Evidente que a Anvisa e o Sistema CEP/Conep, ante a falta de legislação,

ganham maior importância na fiscalização de todos os estudos clínicos, a fim de

garantir que a condução das pesquisas esteja em consonância com os princípios

basilares da dignidade da pessoa humana e o respeito a autonomia, integridade,

saúde e vida de cada participante.

O ato de disposição sobre o próprio corpo para a realização de estudos

clínicos de medicamentos – de Fase I – configura um direito fundamental do ser

humano decorrente da interpretação sistemática da CF e devidamente justificado

pela regra da proporcionalidade.
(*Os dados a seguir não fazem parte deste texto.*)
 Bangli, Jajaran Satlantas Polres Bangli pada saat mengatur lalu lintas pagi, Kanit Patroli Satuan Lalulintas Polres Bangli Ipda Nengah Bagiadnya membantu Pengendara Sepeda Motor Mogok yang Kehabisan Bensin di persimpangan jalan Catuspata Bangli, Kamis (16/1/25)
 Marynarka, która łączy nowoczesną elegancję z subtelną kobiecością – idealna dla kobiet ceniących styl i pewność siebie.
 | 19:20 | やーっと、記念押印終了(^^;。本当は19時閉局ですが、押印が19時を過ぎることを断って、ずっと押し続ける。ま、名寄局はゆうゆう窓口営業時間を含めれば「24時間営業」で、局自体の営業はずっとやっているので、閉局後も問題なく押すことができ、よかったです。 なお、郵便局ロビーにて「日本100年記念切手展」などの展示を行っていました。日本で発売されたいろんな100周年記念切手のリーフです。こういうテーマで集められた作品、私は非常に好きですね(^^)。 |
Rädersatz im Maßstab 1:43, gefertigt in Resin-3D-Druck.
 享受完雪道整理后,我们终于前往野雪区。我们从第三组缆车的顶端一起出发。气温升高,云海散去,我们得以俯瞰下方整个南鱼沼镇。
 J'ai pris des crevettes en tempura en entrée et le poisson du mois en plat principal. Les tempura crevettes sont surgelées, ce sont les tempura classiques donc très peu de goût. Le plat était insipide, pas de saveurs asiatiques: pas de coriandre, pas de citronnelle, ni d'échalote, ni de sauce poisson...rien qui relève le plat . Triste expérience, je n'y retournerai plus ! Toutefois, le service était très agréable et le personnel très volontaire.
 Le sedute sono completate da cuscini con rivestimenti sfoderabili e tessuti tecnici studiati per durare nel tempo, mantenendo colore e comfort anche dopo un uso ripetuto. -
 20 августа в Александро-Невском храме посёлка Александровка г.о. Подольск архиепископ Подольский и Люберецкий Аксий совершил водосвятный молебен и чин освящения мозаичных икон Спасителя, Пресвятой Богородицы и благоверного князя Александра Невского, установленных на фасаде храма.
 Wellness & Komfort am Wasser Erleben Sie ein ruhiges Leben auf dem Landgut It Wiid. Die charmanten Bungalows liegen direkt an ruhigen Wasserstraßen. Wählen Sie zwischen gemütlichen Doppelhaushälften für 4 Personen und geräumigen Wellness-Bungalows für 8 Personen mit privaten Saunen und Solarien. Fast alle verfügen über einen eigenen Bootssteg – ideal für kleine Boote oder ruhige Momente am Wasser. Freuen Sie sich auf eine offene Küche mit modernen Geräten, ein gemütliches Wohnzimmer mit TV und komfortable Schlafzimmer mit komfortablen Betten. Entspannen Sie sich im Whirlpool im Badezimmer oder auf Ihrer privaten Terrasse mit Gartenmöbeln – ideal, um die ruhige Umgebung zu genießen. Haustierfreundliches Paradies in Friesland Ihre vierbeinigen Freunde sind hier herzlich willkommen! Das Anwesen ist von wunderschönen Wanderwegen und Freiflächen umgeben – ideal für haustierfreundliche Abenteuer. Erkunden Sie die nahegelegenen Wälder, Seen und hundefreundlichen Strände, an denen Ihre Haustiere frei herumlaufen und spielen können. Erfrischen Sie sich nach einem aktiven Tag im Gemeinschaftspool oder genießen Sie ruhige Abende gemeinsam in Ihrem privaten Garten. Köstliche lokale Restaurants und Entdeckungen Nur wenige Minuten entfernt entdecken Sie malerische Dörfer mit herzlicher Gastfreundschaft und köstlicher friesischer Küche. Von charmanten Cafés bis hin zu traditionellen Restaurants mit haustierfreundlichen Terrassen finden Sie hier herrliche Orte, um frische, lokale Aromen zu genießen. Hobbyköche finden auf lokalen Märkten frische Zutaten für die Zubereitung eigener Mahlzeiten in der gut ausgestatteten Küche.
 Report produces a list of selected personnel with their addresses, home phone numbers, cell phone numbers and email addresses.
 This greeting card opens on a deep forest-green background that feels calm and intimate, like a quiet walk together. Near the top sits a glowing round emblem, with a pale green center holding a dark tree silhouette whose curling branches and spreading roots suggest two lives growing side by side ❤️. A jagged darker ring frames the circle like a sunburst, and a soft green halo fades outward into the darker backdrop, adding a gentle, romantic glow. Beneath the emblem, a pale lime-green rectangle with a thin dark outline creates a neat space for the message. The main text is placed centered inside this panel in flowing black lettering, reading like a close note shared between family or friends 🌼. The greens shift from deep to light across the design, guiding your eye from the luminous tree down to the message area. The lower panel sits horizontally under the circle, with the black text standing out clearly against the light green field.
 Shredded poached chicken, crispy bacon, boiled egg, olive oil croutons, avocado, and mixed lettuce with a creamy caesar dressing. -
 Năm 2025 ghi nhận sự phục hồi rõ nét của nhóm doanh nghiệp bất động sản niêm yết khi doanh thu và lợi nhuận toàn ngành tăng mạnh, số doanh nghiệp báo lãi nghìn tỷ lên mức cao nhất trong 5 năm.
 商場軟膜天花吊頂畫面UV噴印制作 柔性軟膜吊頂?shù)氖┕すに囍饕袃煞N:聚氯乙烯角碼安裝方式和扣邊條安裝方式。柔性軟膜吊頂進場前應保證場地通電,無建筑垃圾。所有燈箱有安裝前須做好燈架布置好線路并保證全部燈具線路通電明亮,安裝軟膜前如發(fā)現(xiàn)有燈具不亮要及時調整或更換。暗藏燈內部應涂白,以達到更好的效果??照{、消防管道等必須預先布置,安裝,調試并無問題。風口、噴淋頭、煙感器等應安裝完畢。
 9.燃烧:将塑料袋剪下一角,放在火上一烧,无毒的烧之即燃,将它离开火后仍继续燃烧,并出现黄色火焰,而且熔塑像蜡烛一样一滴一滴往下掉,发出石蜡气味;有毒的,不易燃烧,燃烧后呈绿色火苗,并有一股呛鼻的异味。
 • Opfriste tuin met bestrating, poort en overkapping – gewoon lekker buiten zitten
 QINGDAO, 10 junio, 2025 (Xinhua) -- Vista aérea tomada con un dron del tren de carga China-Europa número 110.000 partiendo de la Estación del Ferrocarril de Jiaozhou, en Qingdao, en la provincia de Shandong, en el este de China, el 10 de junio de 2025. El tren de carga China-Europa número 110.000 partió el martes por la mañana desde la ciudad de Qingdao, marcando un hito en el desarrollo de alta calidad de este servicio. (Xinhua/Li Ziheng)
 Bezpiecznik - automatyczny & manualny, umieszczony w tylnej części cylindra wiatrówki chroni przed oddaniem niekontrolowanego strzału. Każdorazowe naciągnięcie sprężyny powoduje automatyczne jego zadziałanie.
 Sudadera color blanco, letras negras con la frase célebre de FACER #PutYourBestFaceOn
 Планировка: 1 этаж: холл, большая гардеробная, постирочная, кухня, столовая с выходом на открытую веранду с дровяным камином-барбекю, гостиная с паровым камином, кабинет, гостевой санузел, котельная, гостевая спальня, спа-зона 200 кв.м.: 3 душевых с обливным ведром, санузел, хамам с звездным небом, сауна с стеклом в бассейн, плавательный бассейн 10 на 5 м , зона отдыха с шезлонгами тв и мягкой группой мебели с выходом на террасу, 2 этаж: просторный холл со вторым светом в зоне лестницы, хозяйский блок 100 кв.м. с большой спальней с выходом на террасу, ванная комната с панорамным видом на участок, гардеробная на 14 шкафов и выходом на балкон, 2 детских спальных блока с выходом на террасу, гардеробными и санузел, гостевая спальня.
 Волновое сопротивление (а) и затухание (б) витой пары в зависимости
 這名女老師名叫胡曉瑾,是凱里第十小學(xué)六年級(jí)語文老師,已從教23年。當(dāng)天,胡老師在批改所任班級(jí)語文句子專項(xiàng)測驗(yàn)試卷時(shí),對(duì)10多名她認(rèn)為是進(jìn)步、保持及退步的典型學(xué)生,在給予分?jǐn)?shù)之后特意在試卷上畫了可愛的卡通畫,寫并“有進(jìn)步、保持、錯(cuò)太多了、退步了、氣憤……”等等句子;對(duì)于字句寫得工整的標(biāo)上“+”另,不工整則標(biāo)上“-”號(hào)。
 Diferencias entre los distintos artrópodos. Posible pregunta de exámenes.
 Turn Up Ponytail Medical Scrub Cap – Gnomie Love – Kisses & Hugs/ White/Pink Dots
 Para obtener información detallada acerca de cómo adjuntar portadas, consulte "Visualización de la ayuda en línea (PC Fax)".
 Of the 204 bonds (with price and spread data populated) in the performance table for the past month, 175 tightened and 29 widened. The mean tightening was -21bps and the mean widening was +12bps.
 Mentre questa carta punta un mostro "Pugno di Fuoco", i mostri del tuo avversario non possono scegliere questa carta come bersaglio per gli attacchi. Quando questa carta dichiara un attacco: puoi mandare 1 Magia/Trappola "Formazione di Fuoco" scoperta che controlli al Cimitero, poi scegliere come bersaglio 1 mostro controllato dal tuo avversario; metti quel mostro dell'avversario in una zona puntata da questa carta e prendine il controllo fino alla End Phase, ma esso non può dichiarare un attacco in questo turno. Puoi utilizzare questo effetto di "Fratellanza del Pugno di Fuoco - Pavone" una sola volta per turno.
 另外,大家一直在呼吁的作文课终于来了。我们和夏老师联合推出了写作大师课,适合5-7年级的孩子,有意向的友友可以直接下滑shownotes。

Entretanto, a compensação pecuniária advinda da

resolução administrativa, embora seja de suma importância para o incentivo das

pesquisas dessa natureza, deve ser analisada com cautela, tendo em vista a

vulnerabilidade e a fragilidade social e institucional do país, que poderá ceifar o

núcleo essencial do direito à disposição sobre o próprio corpo, qual seja: o

consentimento livre e esclarecido.

Para tanto, torna-se fundamental que, caso seja reconhecida a real

necessidade de compensação pecuniária, seja emanada pelo poder competente,

após estudo social, científico, legal, ético e econômico, uma legislação capaz de

estabelecer regras e limites, a ponto de que tal ato não configure real

comercialização do corpo humano, o que seria inconcebível pela expressa vedação

constitucional.

Mostram-se necessárias a proteção e a segurança de todos os direitos

dos participantes. Não se pode deixar cair no esquecimento todo o trajeto histórico

de construção de tal proteção, a fim de evitar qualquer retrocesso que, novamente,

subjugue a condição humana a mero objeto da ciência.